Justin's POV
Kiedy otrzymałem wiadomość od Rachel byłem trochę na krawędzi.Powiedziała mi, że idzie spotkać się z przyjaciółmi. Myślałem, że najpierw będzie chciała zostawić swoje rzeczy w samochodzie. Ale mimo tego, że byłem niepewny napisała do mnie w sposób oznajmiający ,że wszystko było w porządku. Wziąłem głęboki wdech uśmiechając się, wiedząc ,że Rachel po raz kolejny będzie w kontakcie z innymi znajomymi niż ja, oraz oczywiście Scooter i Kenny. Tak, inni ludzie słyszeli o niej jako członkinie mojej ekipy i rodziny, jeszcze im tego nie wytłumaczyłem. Czułem ,że muszę poczekać, aż Rachel będzie gotowa. To nie byłoby według mnie w porządku aby ją pośpieszać. Dlatego byłem niezdecydowany na zaprowadzenie jej do miejsca, gdzie jej raniące wspomnienia miały miejsce. Rozmyślałem nad pobytem w okolicy, a co gorsza przenocowanie w hotelu jeżeli miałaby tu zostać na noc. Choć nie napisała mi ,że powie mi gdzie jest i co robi, miałem nadzieję ,ze to zrobi. Włożyłem swoją bejsbolówkę i okulary próbując pozostać niezauważony, gdy jechałem do Starbucks i wszedłem do środka przez cały czas trzymając spuszczoną głowę w dół tak jakbym trzymał niski profil. Dzięki bogu Starbucks był prawie pusty, a kasjer wydawał się jakby był we wczesnych latach 70-tych, końcu lat 60-tych. Nie był najprawdopodobniej moim fanem.Trzymałem głowę twarzą w dół, i zamówiłem to co chciałem.- Czy mogę dostać średnią Cinnamon Doylce Frappuccino*, proszę?- Powiedziałem , wyciągając portfel i podając mu pięcio dolarowy banknot. Płynnie przesunąłem pięć dolarów po czarno-pomalowanym liczniku do kobiety w średnim wieku. Wykonaliśmy zamianę i dostałem frap** bez rozpoznania mnie. Cieszę się ,ze to miasteczko jest takie małe. Wyszedłem na przedmieścia szukając parkingu i zatrzasnąłem drzwi, owijając dłonie i palce wokół mojego zimnego napoju, gdy opierałem się rękoma o kierownice. Znając Rachel była z pewnością podekscytowana, ze ponownie spotka się na chwilę z przyjaciółmi i wyjaśni im, co się stało. Ponadto całkiem dobrze znając jej osobowość, pomyślałem, że najlepiej jak pojadę do hotelu teraz, i poczekam aż poprosi mnie abym ją odebrał. Nacisnąłem przycisk home*** na swoim czarnym iPhonie czekałem aż funkcja "Siri"**** się pojawi. Zapytałem o najbliższe hotele. Jeden z hoteli "Hotel Hilton" Znajdował się tylko cztery mile od miasteczka. Pomyślałem ,że jest wystarczająco blisko aby się tam zatrzymać, czekając na Rachel.
Rachel's POV
Moje serce biło szybciej niż samochód wyścigowy, a ciało bolało od głowy w dół do moich palców. Nie mogłam płakać, ponieważ spowodowało by to duży ból w klatce piersiowej. Mimo , ze robiłam to co mi mówił, on wciąż sprawiał ,że każda kolejna sekunda była bardziej bolesna od poprzedniej. Oboje dyszeliśmy, a ja wciąż byłam przykuta do łóżka, ale on wstał wkładając swoją bieliznę, koszulkę i spodnie.
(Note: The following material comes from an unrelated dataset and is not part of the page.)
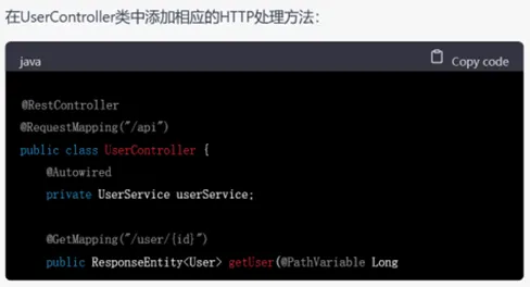 首先观察Controller中的代码,在此过程中,我误将其中的ResponseEntity认为是一个自定义的实体类,故而在此我要求其生成一个ResponseEntity实体类。但ChatGPT没有受到我的“误导”,而是纠正了我的错误,同时解释了该实体类该如何使用。
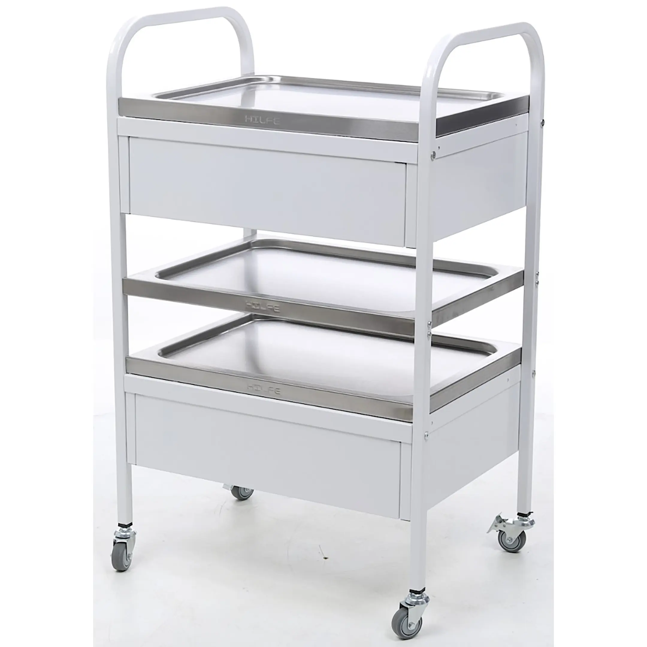 • имеет 4 колеса из не маркой серой резины D= 50 мм, два из которых снабжены тормозом;

-To było niesamowite- Powiedział ubrany nachylając się nad łóżkiem , tak ,ze teraz byliśmy twarzą w twarz. Nie mogłam na niego patrzeć, obrzydzał mnie we wszystkim, kształcie, formie, ale wciąż, po tym jak to powiedział mruknęłam do siebie "dla ciebie". Oczy Jack'a były wciąż pełne pożądania , kiedy rozpiął kajdanki i pozwolił mi dotrzeć do moich podartych ubrań rozrzuconych po pokoju. Jednak Jack podniósł moje jeansy, i chwycił koszulkę rozrywając ja z przodu tak ,ze odsłaniała klatkę piersiową. Wstałam niepewnie poszukując artykułów, które były na moim, teraz słabym ciele, gdy Jack kazał mi się zatrzymać, odwrócić i spojrzeć na niego. Automatycznie zatrzymałam się tam gdzie byłam stojąc zupełnie naga ponownie odwracając się w strachu, przed tym co się zaraz stanie. Jack szybko podszedł do mnie tuląc mnie, przez co moje ciało bardziej bolało, a potem szepnął mi do ucha.-Kurczak i sałatka jest w lodówce, ma być wkrótce gotowy.- Puścił mnie dając możliwość cofnięcia się.
Kiwając głową potarłam swoją rękę, po raz kolejny sięgając swój biustonosz, jeansy i podartą koszulkę.Opuściłam rękę do podłogi podczas schylania gdy Jack odezwał się, zatrzymując moje ruchy.
-Co robisz?
-J-Ja zbieram swoje ubrania i zacznę przygotowywać dla ciebie obiad.
-Kiedy powiedziałem ci ,że masz włożyć ubrania?- Zaczął patrząc na mnie złośliwie.
-W-Więc, ja tylko myślałam-
-Nie potrzebujesz ubrań, bo zaraz znowu będziemy nago- Wskazał na łóżko, na którym byliśmy wcześniej.-Zaraz po kolacji- Mrugnął do mnie wyciągając za rękę.
-N-Nie możemy po prostu zrobić tego znowu jutro?-Zapytałam. Nerwowo pociągnął mnie za rękę w górę schodów i do dobrze znanego mi salonu.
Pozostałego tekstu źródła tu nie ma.